您现在的位置：程式師世界 >> 編程語言 > >> 更多編程語言 >> Python

Python operation HDF5 file example

編輯：Python

Catalog

introduction

Create files and datasets

Write data sets

Read dataset

introduction

stay Matlab operation HDF5 It has been described in detail in the document HDF5 File already used Matlab How to operate it . This article summarizes how to Python Next use HDF5 file . We still follow Matlab operation HDF5 The order of the documents is , They are to create HDF5 file , Write data , Reading data .

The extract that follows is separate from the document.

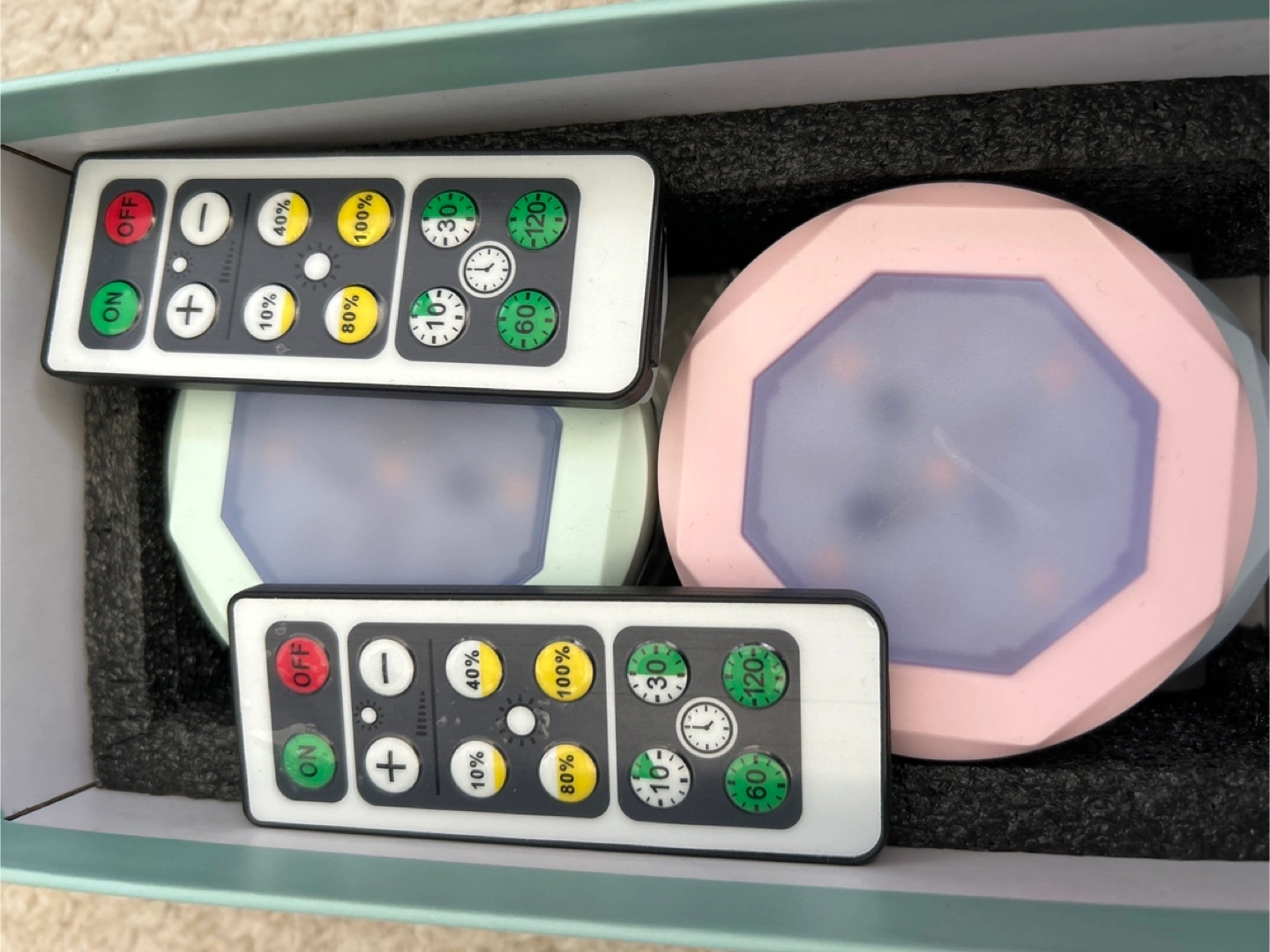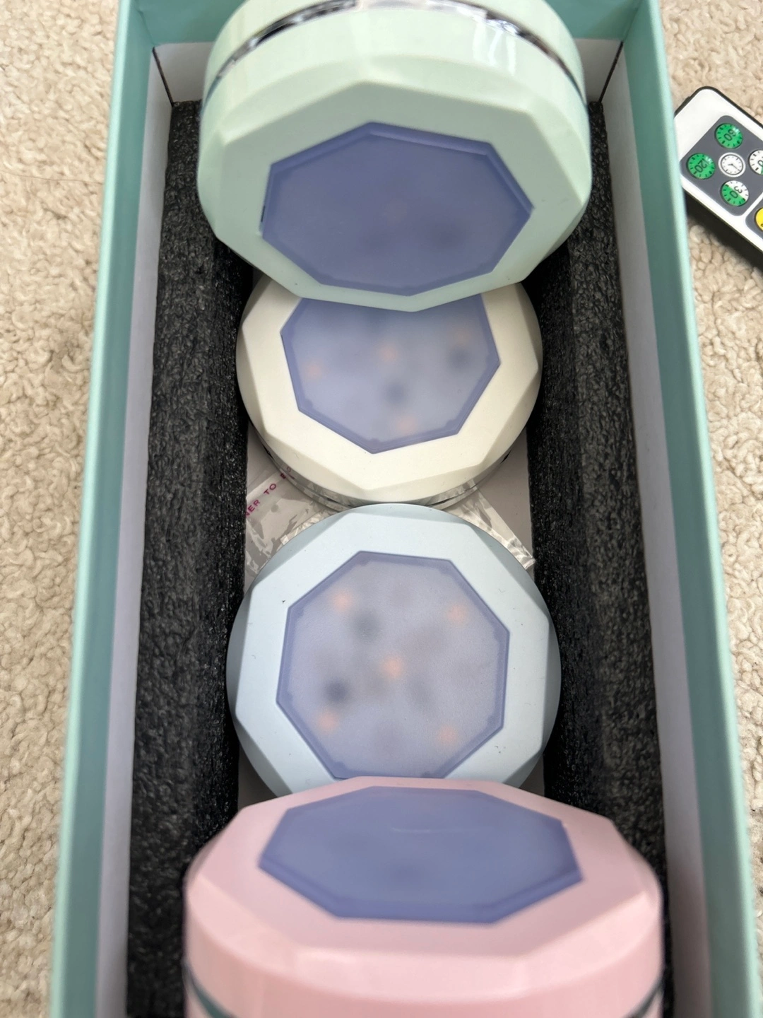$8 ea, 2 for $15 and 4 in total for $25 Add a pop of colour and convenient lighting to your space with this set of four LED puck lights! They come in a variety of pastel shades and include a handy remote for easy control. Perfect for closets, shelves, or under cabinets. The box is included!

Python Under the HDF5 File dependency h5py tool kit

Create files and datasets

Use `h5py.File() Method creation hdf5 file

h5file = h5py.File(filename,'w')

Then create a dataset on this basis

X = h5file.create_dataset(shape=(0,args.patch_size,args.patch_size), # The dimension of the dataset maxshape = (None,args.patch_size,args.patch_size), # The maximum allowable dimension of the dataset dtype=float,compression='gzip',name='train', # data type 、 Is it compressed? , And the name of the dataset chunks=(args.chunk_size,args.patch_size,args.patch_size)) # Block storage , The size of each block

The two most relevant parameters are shape and maxshape, Obviously, we want a certain dimension of the dataset to be extensible , So in maxshape in , Mark the dimension you want to expand as None, Other dimensions and shape The parameters are the same . Another thing worth noting is , Use compression='gzip' in the future , The entire data set can be greatly compressed , It is very useful for large data sets , And when reading and writing data , No explicit decoding by the user .

Write data sets

Use the above creat_dataset Created dataset in the future , Reading and writing a dataset is like reading and writing numpy Arrays are just as convenient , For example, the above function defines the data set 'train', That's the variable X in the future , You can read and write in the following ways ：

data = np.zeros((100,args.patch_size,arg))X[0:100,:,:] = data

When you created the dataset earlier , We define shape = (args.chunk_size,args.patch_size,args.patch_size), If there is more data , What shall I do? ？

have access to resize Method to extend the maxshape Is defined as None That dimension of :

X.resize(X.shape[0]+args.chunk_size,axis=0)

Because we are maxshape=(None,args.patch_size,args.patch_size) Define the zeroth dimension as extensible , therefore , First of all, we use X.shape[0] To find the length of the dimension , And extend it . After the dimension is extended , You can continue to write data into it .

Read dataset

Read h5 The file method is also very simple , The first use of h5py.File Method to open the corresponding h5 file , Then a data set in it is fetched to a variable , Reading this variable is like numpy The same .

h = h5py.File(hd5file,'r')train = h['train']train[1]train[2]...

But there is a problem with the above reading method, that is, every time you use it (train[1],train[2]) Need to read data from the hard disk , This will result in slower reads . A better way is , Read one at a time from the hard disk chunk_size The data of , Then store the data in memory , Read from memory when needed , For example, use the following method ：

h = h5py.File(hd5file,'r')train = h['train']X = train[0:100] # Read more data from the hard disk at one time ,X Will be stored in memory X[1] # Read from memory X[2] # Read from memory

This method will be much faster .

That's all Python operation HDF5 Details of file examples , More about Python operation HDF5 Please pay attention to other relevant articles of the software development network for the information of the document ！